Nor is it a simple matter to find an insulin-resistance gene. The pathway from insulin receptor to glucose-transport protein makes stops at several other proteins along the way, and any one could be the culprit. Immediately after the insulin receptor protein was identified, research focused on it and the gene that coded it as possible causes. Studies showed that the receptor was not usually the sole cause of insulin resistance, and many researchers focused on substrate molecules farther down the chain of reactions started by insulin. (9)But later experiments indicated that a complex interplay of the genes that code these proteins may be involved. Studies showed that mice who had inherited a faulty copy of the receptor gene from just one parent were not insulin resistant; neither were mice who had inherited a single copy of the gene that codes an important substrate in the reaction chain. But mice who had inherited one faulty copy of each gene did show a decreased sensitivity to insulin. (2)

Type II diabetes is generally characterized by both insulin resistance and a decrease in production of insulin by the beta cells of the pancreas. In 1999, a research group announced that it had tested the effect of insulin resistance on the very cells that produce insulin by turning off the receptor gene in the pancreas cells of mice. What resulted was a drop in insulin production – apparently, insulin receptors and the reactions they cause enable the beta cells to sense glucose and trigger the production of insulin. (10)

About a year ago, the same team genetically altered mice to turn insulin receptors in their brains – an organ in which insulin was once believed to have no role at all. The lack of insulin receptors in brain cells led to insulin resistance in other tissues – as well as increased appetite, weight gain and a 50 percent decrease in fertility. (3)

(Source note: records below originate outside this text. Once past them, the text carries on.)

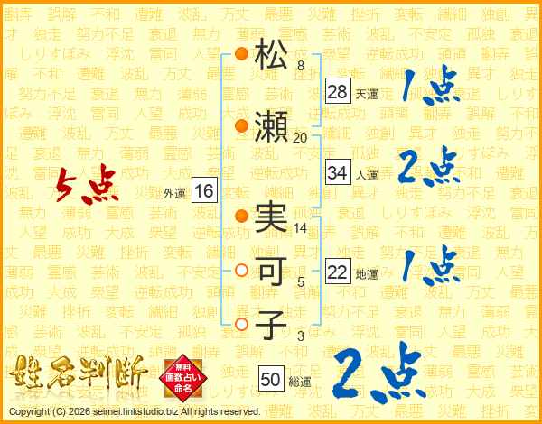 松瀬実可子さんの総運は50画の2点!
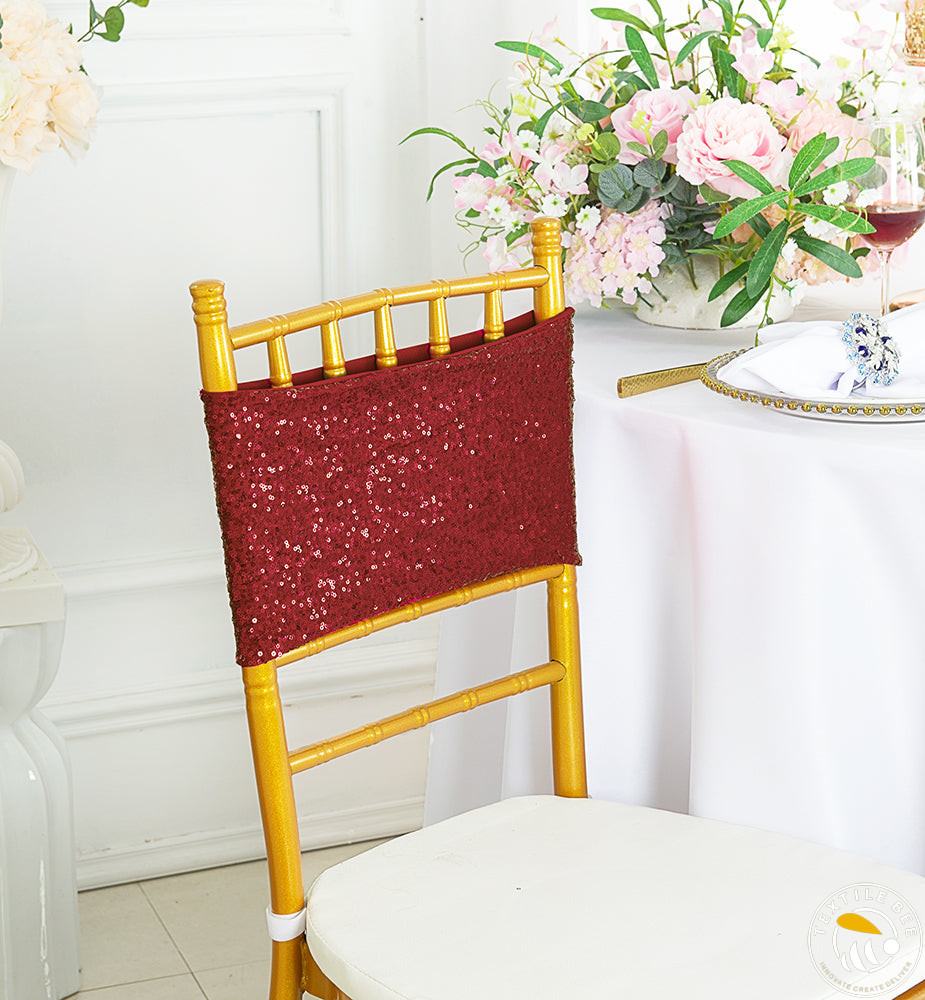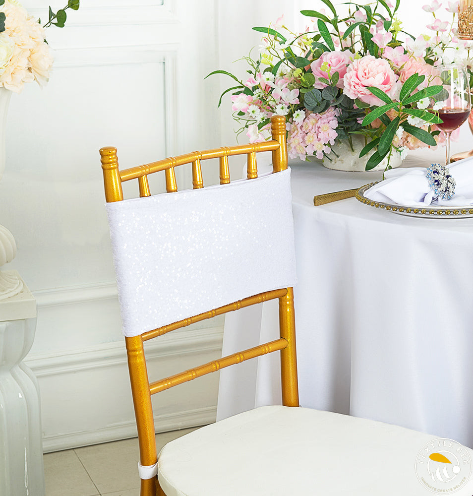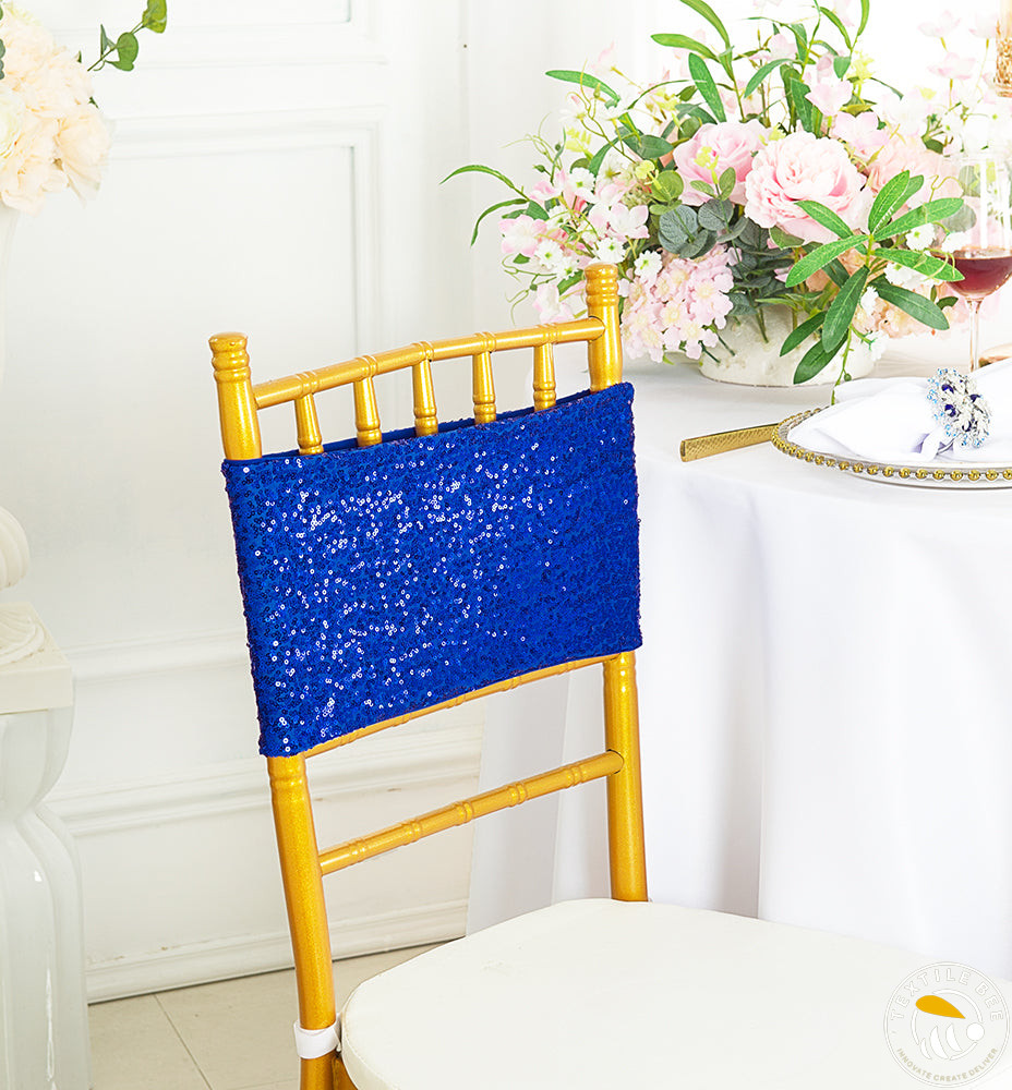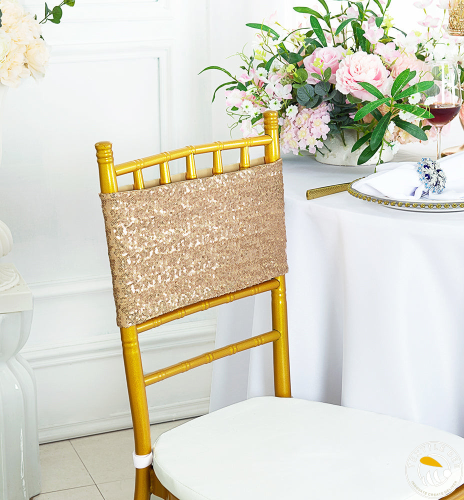 Add sparkle and glamour to your event décor with our 3mm Sequence Chair Bands. Crafted with shimmering 3mm sequins sewn onto a flexible base, these chair bands catch the light beautifully, making every chair a centerpiece. Perfect for weddings, parties, and celebrations where you want to impress your guests with a touch of elegance and shine.
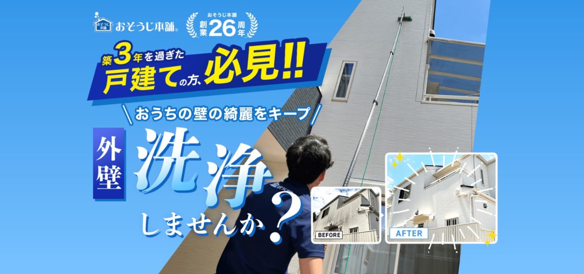 おそうじ本舗の外壁手洗い洗浄サービスは、足場不要で外壁を新築のような美しさに復元できる画期的なサービスです。
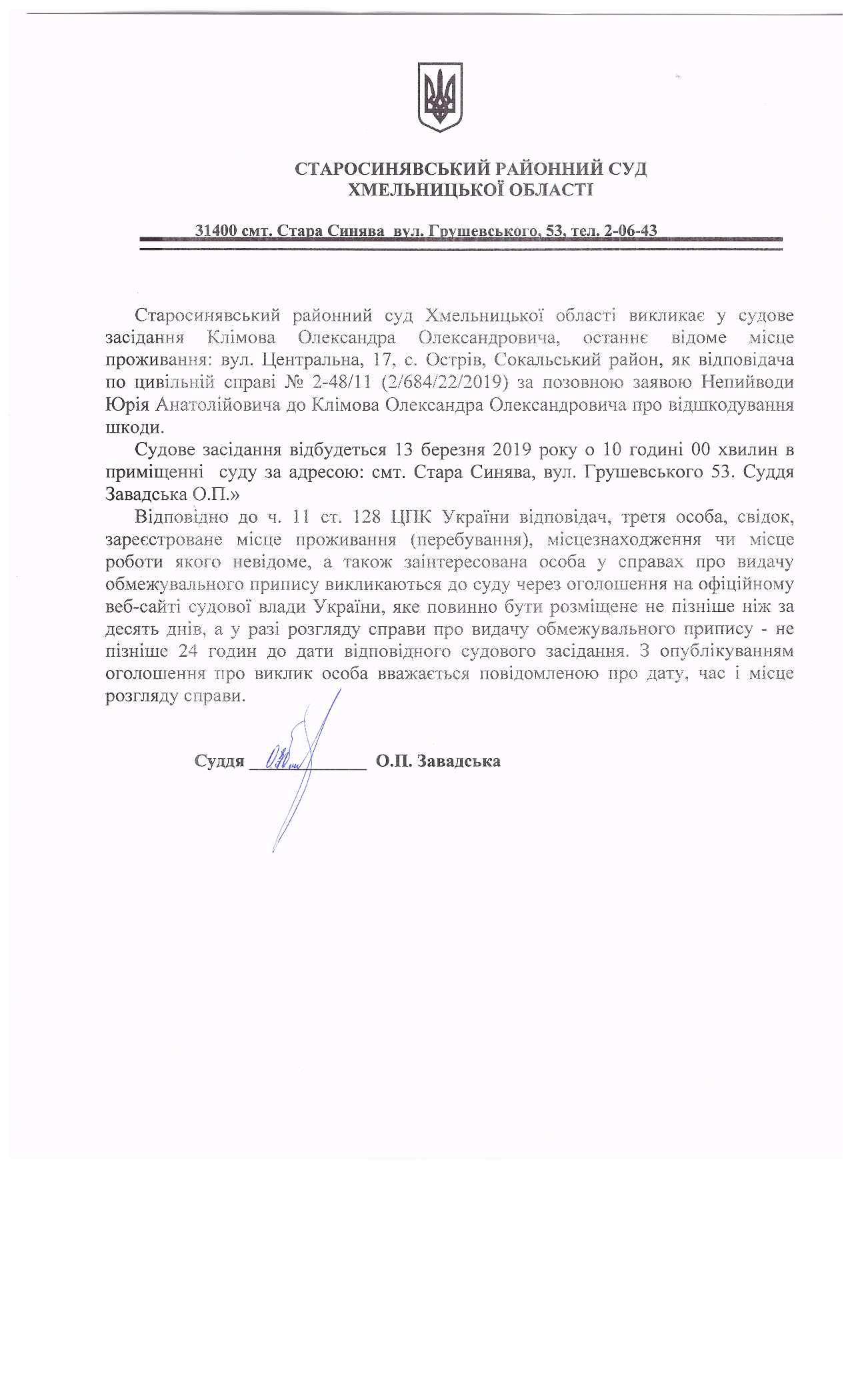 Оголошення про виклик до суду Клімова Олександра Олександровича

It seems clear, then, that obesity does not cause diabetes; no one factor does. The effects of insulin resistance in muscle and liver cells may work in an intricate feedback cycle with the effects of insulin resistance – and other factors influencing body weight -in the brain and in the pancreas.

One researcher claims to have found the thrifty gene, which allows the efficient storage of energy as fat during time of famine but results in deleterious obesity in times of plenty, among a group of Manitoba Indians. Although all persons with the gene developed diabetes by the age of 40, the thrifty gene can’t accurately be called the diabetes gene; the gene exists in only 40 percent of community members with diabetes.

Whatever environmental and behavioral factors contribute to diabetes, people who suffer from the disorder are likely to have a genetic predisposition to it and to obesity as well. It’s difficult enough to cope with diabetes without the added strain of finger-wagging doctors and disapproving public-health officials. There’s no scientific support for a scolding therapy.